Two days later, I took a few minutes to enjoy the view from a crystal ball as the towns and villages put up batches of prefabricated homes, while big square blocks of them stood already finished, and being moved into.

Pretty much all farming, foraging, and hunting had been put to rest; a few people continued to garden and fish for fun, but now, the produce of the river and the dirt were more of a tasty treat to supplement the plentiful food that came from every house's autofarm module.

Big crates of new clothing, fresh from the factory, sat in town squares; the notion that one should own more clothing than what they were currently wearing was something of a foreign one to the common folk, but... well, they'd get there eventually.

I'd... well, I'd done it. I'd successfully banished poverty from the Red Forest. Everyone had a bedroom of their own, plenty of clothes, and an ample supply of food. There were, naturally, other improvements to be made; at some point, people who weren't starving and desperate would start wanting houses that weren't metal tubes, and people would want goods that weren't strictly critical to basic survival, but... well, right now, it wasn't really occurring to anyone to want those things, and when it did, they'd have a lot more free time with which to make a good try at solving it themselves.

However, while butter was undoubtedly the far more important side of the equation, the Security Dilemma and the Red Queen Effect were quite real, and guns did still matter. While most of the population was focused on assembling house kits and learning to drive, the military- composed mostly of elves who decided to stick with the military even after their mandatory training to Level 5 was over and passed the strict examinations that were necessary because Rachel simply could not afford that many soldiers- had been installing infinity generators at every dungeon gate in the Red Forest to keep them fully operational at all times, making the only remaining throughput limitation the simple fact that a dungeon gate could only spin up a new instance after five minutes, which was still nearly three hundred times the one instance per day rate that the Level 4-7 gates had been restricted to, and a hell of a lot more than the once a month rate of the two Level 10 gates.
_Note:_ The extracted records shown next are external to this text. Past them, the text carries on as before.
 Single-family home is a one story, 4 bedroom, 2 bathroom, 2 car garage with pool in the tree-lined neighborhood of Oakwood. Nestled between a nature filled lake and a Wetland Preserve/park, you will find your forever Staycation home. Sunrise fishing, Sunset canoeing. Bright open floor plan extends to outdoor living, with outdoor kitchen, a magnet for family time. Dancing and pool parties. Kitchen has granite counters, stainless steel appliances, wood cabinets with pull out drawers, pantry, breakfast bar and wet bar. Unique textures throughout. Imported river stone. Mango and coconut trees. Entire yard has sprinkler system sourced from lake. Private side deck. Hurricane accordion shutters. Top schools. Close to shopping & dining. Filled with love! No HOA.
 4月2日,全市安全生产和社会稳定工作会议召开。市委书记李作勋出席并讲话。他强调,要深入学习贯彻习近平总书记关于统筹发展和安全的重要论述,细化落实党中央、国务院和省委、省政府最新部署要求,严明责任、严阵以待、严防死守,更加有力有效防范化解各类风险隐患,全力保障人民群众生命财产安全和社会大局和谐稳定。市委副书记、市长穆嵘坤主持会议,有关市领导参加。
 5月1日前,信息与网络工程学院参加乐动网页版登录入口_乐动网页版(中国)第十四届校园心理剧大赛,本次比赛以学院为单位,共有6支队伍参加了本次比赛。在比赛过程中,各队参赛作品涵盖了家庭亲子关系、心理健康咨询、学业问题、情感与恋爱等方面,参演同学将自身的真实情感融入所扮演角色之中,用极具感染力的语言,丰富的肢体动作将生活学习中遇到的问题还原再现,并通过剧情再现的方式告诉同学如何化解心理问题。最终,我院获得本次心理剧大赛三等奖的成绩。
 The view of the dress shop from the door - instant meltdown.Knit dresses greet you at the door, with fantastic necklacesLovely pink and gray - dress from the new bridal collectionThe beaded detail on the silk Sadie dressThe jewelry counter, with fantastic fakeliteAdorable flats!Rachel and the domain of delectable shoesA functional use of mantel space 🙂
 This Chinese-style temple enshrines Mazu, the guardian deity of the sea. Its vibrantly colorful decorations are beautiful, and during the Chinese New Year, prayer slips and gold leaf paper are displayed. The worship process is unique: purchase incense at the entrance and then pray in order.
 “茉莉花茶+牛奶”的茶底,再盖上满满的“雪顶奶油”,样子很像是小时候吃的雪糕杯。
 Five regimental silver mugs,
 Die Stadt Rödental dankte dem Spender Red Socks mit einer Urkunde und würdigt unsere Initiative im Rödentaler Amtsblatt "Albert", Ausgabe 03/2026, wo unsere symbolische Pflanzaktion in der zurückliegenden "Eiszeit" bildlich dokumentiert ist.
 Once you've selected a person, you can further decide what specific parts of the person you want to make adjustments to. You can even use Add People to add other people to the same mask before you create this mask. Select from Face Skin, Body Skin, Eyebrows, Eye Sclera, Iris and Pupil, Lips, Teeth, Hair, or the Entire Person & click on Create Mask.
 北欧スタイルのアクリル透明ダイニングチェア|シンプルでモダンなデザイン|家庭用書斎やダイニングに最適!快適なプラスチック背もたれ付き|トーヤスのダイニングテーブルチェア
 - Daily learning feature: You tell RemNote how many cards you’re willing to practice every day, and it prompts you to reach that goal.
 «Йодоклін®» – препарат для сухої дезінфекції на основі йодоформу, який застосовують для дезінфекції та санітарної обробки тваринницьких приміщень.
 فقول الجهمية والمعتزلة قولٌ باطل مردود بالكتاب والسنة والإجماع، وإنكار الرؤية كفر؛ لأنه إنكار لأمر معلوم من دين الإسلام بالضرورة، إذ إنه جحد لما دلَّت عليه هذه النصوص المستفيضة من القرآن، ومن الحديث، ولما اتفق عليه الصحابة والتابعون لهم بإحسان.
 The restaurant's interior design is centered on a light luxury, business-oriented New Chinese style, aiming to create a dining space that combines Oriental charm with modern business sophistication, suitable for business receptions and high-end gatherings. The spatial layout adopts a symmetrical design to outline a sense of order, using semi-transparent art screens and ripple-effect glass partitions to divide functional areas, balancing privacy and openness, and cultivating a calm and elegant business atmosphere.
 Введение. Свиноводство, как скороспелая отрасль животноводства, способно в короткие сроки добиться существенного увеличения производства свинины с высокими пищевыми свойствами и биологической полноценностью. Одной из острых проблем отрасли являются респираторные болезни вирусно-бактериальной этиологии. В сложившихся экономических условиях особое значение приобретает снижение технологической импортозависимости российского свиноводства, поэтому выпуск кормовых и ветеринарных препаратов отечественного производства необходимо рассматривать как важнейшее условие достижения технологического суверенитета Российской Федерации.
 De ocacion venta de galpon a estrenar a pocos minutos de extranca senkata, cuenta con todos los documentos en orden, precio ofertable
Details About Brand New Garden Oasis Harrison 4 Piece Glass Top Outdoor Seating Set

Soon enough, an announcement would be made. That the strict testing of the standing military would be lifted, and that anyone who wanted to continue to train to fight for their kingdom could do so, and that anyone else could be carried through a Level 10 dungeon twice to reach Level 10, with no further expectation of service.

But first, to cut way the hell down on the mortality rates of delving, because we simply could not afford losses...

...I had to start making guns again.